Whether immigrants like Riklis and Bluhdorn, self-made natives like Ling and Eugene Klein, or Harvard Business School products like Roy Ash and Charles (Tex) Thornton, the conglomerators were all uninhibited free enterprisers, anti-organization men, throwbacks to the nineteenth-century age of individualism in American business. The great paradox of the conglomerate era is that it brought back such rampant individualism at the very moment when the received wisdom held that government regulation, suburban living, and the rise of the computer had bred the pawky eccentricity out of American business and turned it into a vast impersonal machine to which a man learned to abase himself, or else failed. Like the old trusts that Theodore Roosevelt set out to bust, the conglomerates were essentially one-man or two-man companies. Like the robber barons, the conglomerators tended to collect art and otherwise flaunt their wealth (in contrast to the organization men of the previous decade, whose goal was not to excel or exceed but to
fit in). James Ling's Dallas palazzo was far from the only conglomerator's marble showplace. Klein, a onetime used-car salesman who built the great West Coast conglomerate, National General Corporation, bought an old Beverly Hills mansion, spent a million and a half decking it out with Picassos, Modiglianis, and choice European antiques (a Marie Antoinette foot bath, two Lord Nelson mirrors, a desk set once owned by a czarina of Russia), and rode around in a $3-million corporate jet and a Rolls-Royce formerly owned by Queen Elizabeth II. Some were not afraid of appearing to be comically self-serving; the
Wall Street Journal
reported that at the height of the era the head of a middle-sized firm with conglomerate aspirations called a broker and asked him to find for acquisition “some kind of company that would be located in Florida,” since he liked the climate and wanted an excuse to spend time there. In naming their enterprises, as in decorating their houses, the conglomerators showed a penchant for instant grandeur usually at the risk of bombast (Rapid-American, National General), but sometimes the names went in another direction, and suggested down-home folksiness, which investors also seemed to love. There was Minnie Pearl's Chicken System, Inc., later more austerely called Performance Systems; its stock rose wildly under the first name and dropped disastrously under the second. Sometimes it seemed as if the company namers deliberately injected just a hint of comic larceny, calculating, perhaps correctly, that the investing public and the money managers had a taste for such things. There was, for example, the Slick Corporation—named for its founder, it is true, but straight out of a W.C. Fields movie all the same.
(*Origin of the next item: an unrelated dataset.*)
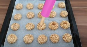 Do každé kuličky udělejte rukojetí širší vařečky nebo válečku důlek, kulička se tím zároveň o trochu zploští. Rozehřejte troubu na 160 °C a pečte sušenky, dokud nebudou zespod zlatavé.

And there was “Automatic” Sprinkler Corporation. Its officers explained that the quotation marks were intended to distinguish its particular automatic sprinklers from everyone else's; but to the layman the name seemed to imply, in an almost masochistically self-deprecating way, that the company's sprinklers were not really automatic but were only alleged to be. Whatever is in a name, the suggestion did not deter the stock market from bidding the company's stock in 1967 up to more than fifty times earnings.